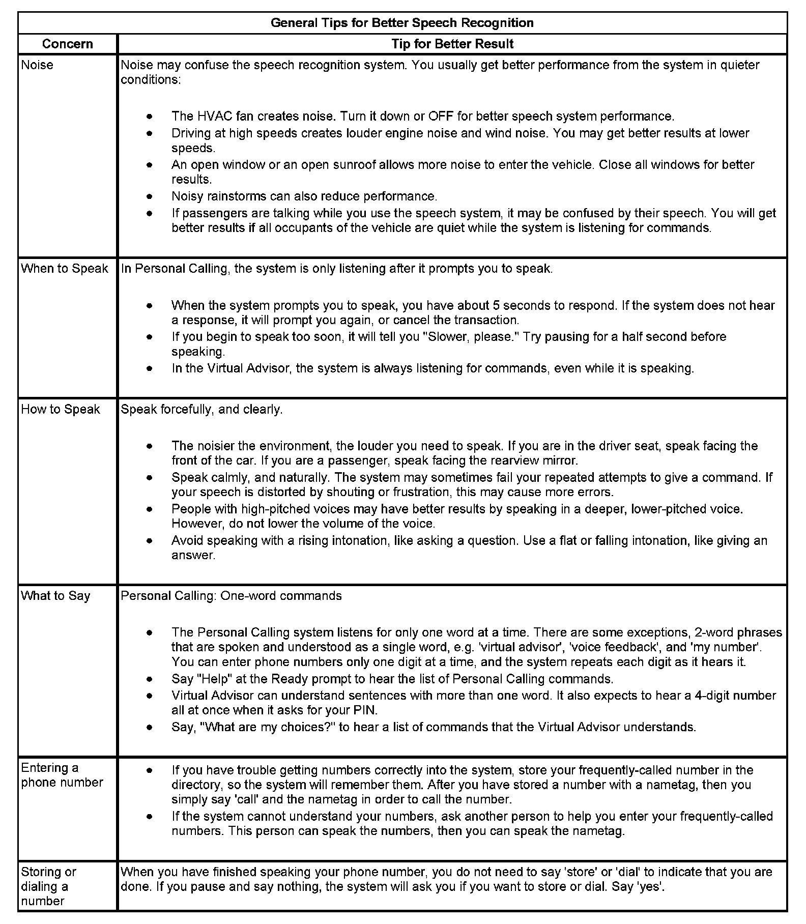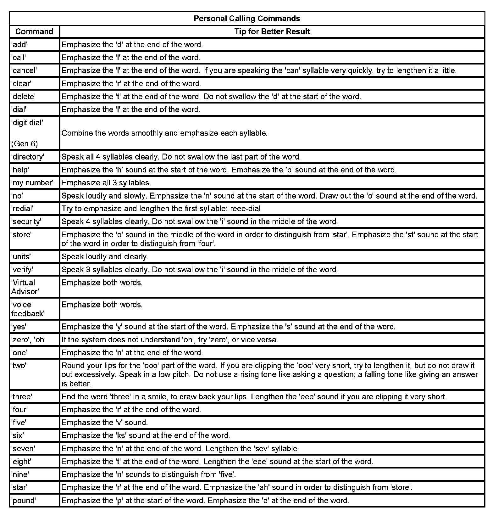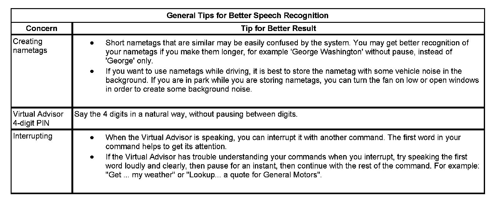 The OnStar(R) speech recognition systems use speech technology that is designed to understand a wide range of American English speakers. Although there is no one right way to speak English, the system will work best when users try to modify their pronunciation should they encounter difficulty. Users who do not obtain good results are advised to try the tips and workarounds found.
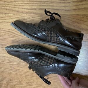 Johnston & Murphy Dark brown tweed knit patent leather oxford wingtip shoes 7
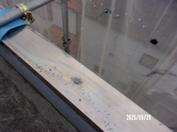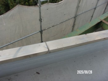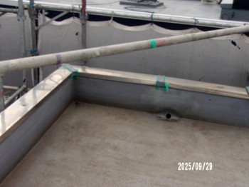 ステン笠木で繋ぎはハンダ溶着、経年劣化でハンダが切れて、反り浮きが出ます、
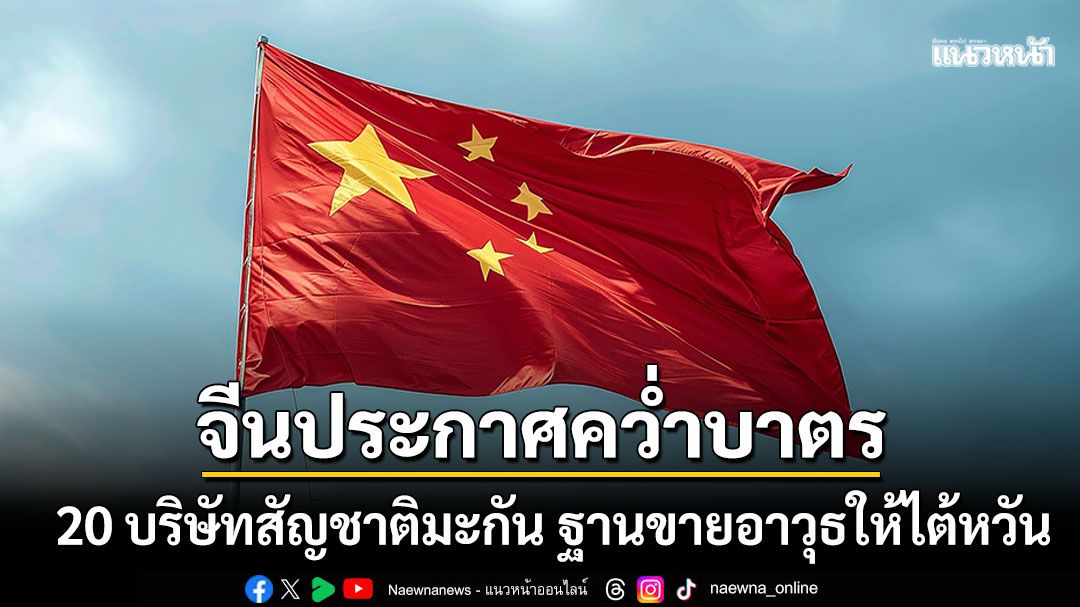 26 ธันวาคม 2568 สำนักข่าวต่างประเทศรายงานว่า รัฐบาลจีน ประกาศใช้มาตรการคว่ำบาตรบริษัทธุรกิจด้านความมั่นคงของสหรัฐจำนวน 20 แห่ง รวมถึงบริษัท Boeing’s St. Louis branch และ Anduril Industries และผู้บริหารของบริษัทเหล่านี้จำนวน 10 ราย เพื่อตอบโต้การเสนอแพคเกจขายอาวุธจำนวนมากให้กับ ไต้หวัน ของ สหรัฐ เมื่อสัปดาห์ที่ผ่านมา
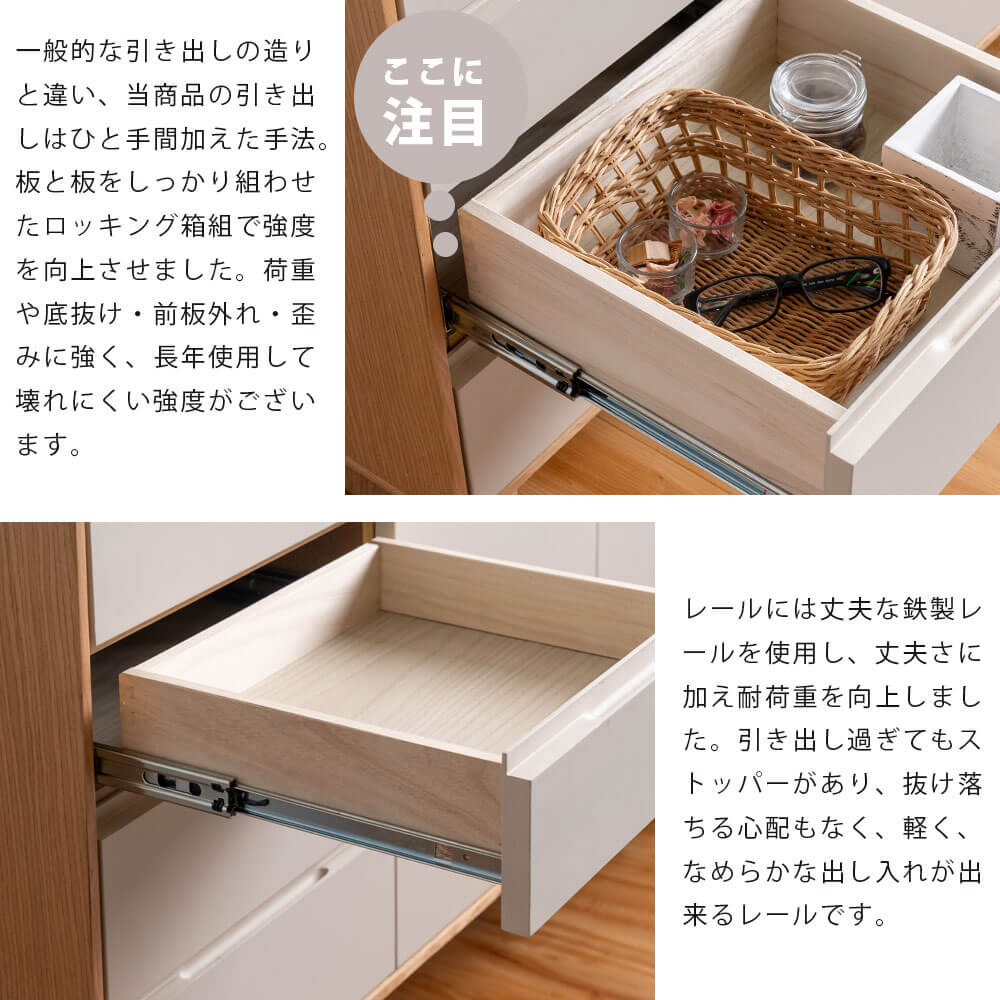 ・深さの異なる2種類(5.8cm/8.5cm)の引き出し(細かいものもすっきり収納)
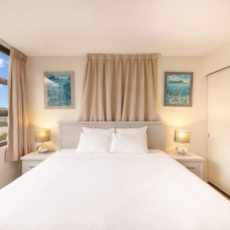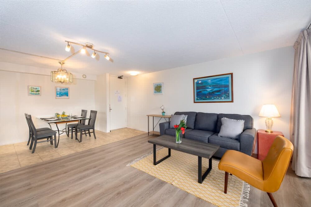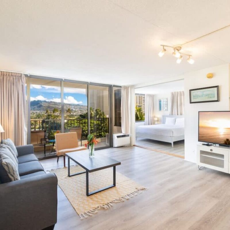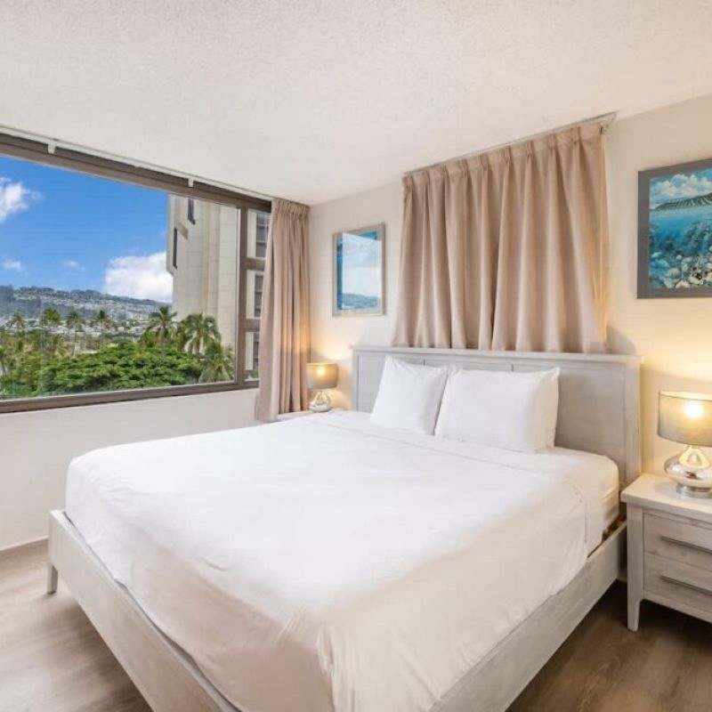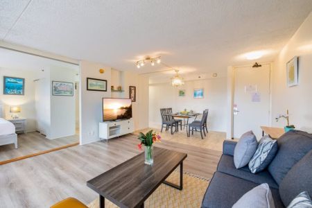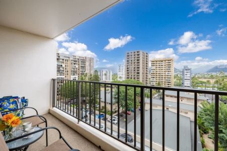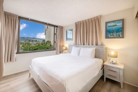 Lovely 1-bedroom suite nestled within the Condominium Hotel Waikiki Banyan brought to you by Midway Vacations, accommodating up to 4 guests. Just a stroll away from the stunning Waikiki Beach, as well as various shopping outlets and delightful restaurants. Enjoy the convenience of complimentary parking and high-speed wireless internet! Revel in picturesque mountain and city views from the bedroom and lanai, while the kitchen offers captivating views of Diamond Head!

...

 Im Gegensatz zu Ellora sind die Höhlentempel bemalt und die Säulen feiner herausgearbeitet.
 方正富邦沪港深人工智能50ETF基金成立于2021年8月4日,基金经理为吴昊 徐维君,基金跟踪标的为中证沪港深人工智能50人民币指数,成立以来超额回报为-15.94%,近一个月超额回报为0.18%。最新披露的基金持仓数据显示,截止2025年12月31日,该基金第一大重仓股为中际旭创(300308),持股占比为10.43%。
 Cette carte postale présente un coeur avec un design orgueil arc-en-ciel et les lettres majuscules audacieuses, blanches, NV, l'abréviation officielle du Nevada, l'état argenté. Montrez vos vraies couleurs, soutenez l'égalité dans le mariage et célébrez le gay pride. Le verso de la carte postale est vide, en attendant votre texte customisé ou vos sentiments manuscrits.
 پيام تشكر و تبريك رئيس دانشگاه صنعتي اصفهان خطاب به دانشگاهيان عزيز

◆ Directions ◆
All lines above from the line with "Im Gegensatz zu" through the line with "پيام تشكر و", both included, are to be set down exactly, with nothing else.

◆ Answer to this problem ◆
 Im Gegensatz zu Ellora sind die Höhlentempel bemalt und die Säulen feiner herausgearbeitet.
 方正富邦沪港深人工智能50ETF基金成立于2021年8月4日,基金经理为吴昊 徐维君,基金跟踪标的为中证沪港深人工智能50人民币指数,成立以来超额回报为-15.94%,近一个月超额回报为0.18%。最新披露的基金持仓数据显示,截止2025年12月31日,该基金第一大重仓股为中际旭创(300308),持股占比为10.43%。
 Cette carte postale présente un coeur avec un design orgueil arc-en-ciel et les lettres majuscules audacieuses, blanches, NV, l'abréviation officielle du Nevada, l'état argenté. Montrez vos vraies couleurs, soutenez l'égalité dans le mariage et célébrez le gay pride. Le verso de la carte postale est vide, en attendant votre texte customisé ou vos sentiments manuscrits.
 پيام تشكر و تبريك رئيس دانشگاه صنعتي اصفهان خطاب به دانشگاهيان عزيز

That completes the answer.